**Work instructions:** Among the entries below, take the line with "Poterie d’Évires Flowers" and the line with "Winter Bucket Hat", and output them and every line between them exactly, with nothing else.

**Data supplied:**
_ _ _ _
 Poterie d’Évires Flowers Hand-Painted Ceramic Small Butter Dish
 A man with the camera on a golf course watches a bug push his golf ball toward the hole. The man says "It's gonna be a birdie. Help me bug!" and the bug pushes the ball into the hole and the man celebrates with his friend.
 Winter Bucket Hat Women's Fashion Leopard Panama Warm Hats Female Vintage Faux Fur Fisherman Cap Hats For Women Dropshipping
_ _ _ _
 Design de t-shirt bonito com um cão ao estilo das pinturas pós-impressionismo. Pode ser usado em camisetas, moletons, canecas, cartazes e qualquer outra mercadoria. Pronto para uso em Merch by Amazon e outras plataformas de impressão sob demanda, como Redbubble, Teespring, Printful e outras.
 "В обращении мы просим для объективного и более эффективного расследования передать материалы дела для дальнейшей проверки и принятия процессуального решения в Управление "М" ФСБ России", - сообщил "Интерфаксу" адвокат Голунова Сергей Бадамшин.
_ _ _ _
**The completed task:**
 Poterie d’Évires Flowers Hand-Painted Ceramic Small Butter Dish
 A man with the camera on a golf course watches a bug push his golf ball toward the hole. The man says "It's gonna be a birdie. Help me bug!" and the bug pushes the ball into the hole and the man celebrates with his friend.
 Winter Bucket Hat Women's Fashion Leopard Panama Warm Hats Female Vintage Faux Fur Fisherman Cap Hats For Women Dropshipping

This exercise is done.